Gmina zatrudniła już dyrektora, którym została Dorota Wolska. Kilka dni temu ogłoszony został nabór do placówki na rok szkolny 2018/2019, który potrwa do 24 lipca. Przyjmowane są dzieci od 20. tygodnia życia do lat 3. Do poniedziałku 16 lipca rodzice złożyli 10 podań. Żłobek może przyjąć 30 dzieci. – To obłożenie docelowe. Jeśli do września nie uda się znaleźć takiej liczby dzieci, placówka i tak ruszy po wakacjach. Od tego, jakie będzie zainteresowanie rodziców żłobkiem, uzależniona jest jednak liczba opiekunów, których zatrudnimy. Jeśli znajdą się chętni na wszystkie miejsca, pracę znajdzie 5 opiekunów – tłumaczy burmistrz Kołcz. Gmina zatrudni też pielęgniarkę i główną księgową.
Opieka za pieniądze unijne
Problemów z naborem być nie powinno, bo władze Świerzawy zadbały o odpowiednią zachętę dla rodziców. To opłata za pobyt dziecka w żłobku, która w pierwszym roku funkcjonowania placówki będzie symboliczna. Rodzicie zapłacą tylko 30 zł miesięcznie za posiłki (dostarczane w formie cateringu). W kolejnym opłaty nie będą dużo wyższe. Jest to możliwie dzięki dodatkowym środkom z RPO, jakie gmina pozyskała na rozruch placówki w ramach innego projektu pn. „Nowa szansa – uruchomienie żłobka w Świerzawie”. Jego realizacja ma kosztować 1,29 mln zł, z czego blisko 1,1 mln zł to dofinansowanie z funduszy unijnych. W efekcie przez 2 lata funkcjonowanie żłobka opłacane będzie w głównej mierze ze środków zewnętrznych.
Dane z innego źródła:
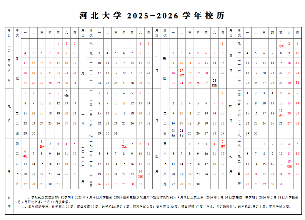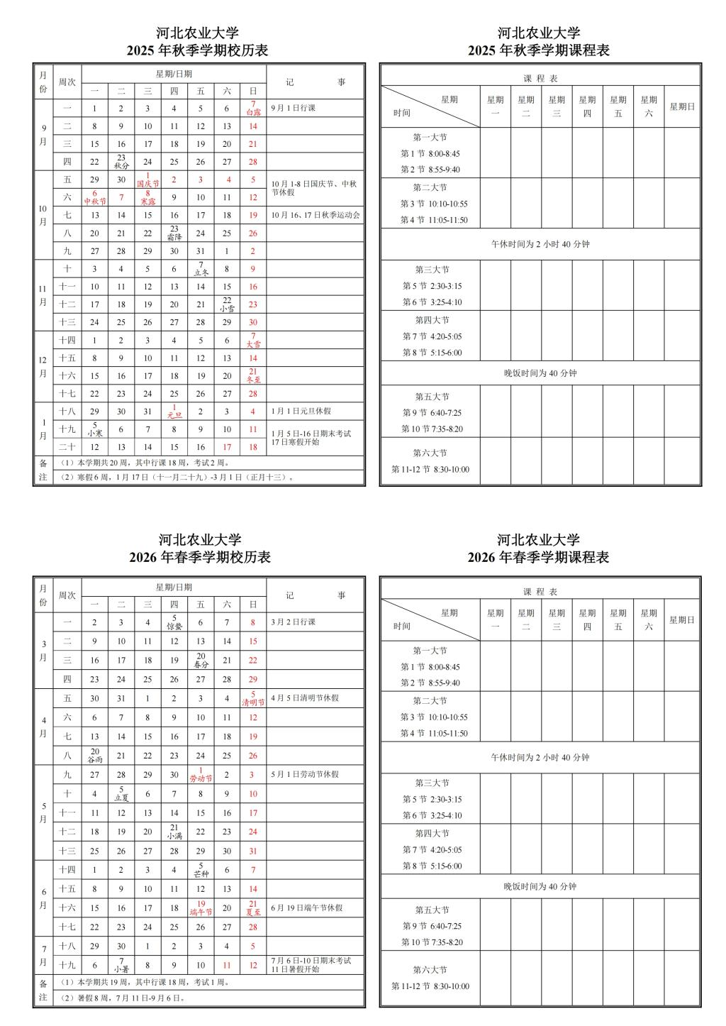 2026年1月24日放寒假,春学期于2026年2月28日开学报到,3月2日正式上课。
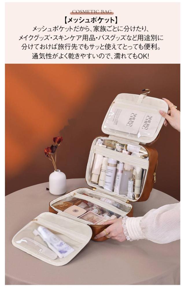 | 吊り下げて使える大容量の洗面ポーチ。 旅先のホテルや旅館の洗面台で使い勝手抜群の便利アイテムです。 【吊るして使える】 フック付きで、タオルハンガーやドアノブ、シャワーカーテンバーなどいろんな場所に掛けて使えます! 吊り下げて使えるので、洗面台がごちゃごちゃせず、すっきり。 中身も一目で見やすく使い勝手抜群です。 【メッシュポケット】 メッシュポケットだから、家族ごとに分けたり、メイクグッズ・スキンケア用品・バスグッズなど用途別に分けておけば旅行先でもサッと使えてとっても便利。 通気性がよく乾きやすいので、濡れてもOK! 【まとめてコンパクトに収納】 洗面用具をすべてコンパクトにまとめられます。 さらに、持ち手つきなので、移動や出し入れもラクラク。 スクエア型なので、スーツケースにもぴったり入ってバッキングもしやすいです。 | |

Wśród rodziców ze Świerzawy panuje zresztą przekonanie, że pieniądze wydane na gminny żłobek to dobrze wydane pieniądze. – To duże ułatwienie dla kobiet, które chcą wrócić do pracy i nie mają co zrobić z dzieckiem. Nie zawsze mamy na miejscu dyspozycyjnych dziadków, którzy mogą nam pomóc w opiece. Szkoda tylko, że tak późno władze wpadły na pomysł stworzenia żłobka. Przez tyle lat rodzice z małymi dziećmi musieli radzić sobie własnymi siłami – mówi pani Magdalena, mieszkanka miasteczka, która kilka miesięcy temu urodziła syna.
Rodzice i opiekunowie prawni zainteresowani zapisaniem swojego dziecka do świerzawskiego żłobka powinni dostarczyć karty zgłoszenia wraz z wymaganymi dokumentami do Urzędu Miejskiego w Świerzawie. Kartę zgłoszenia można pobrać ze strony www.swierzawa.pl bądź w Biurze Obsługi Interesanta w UM.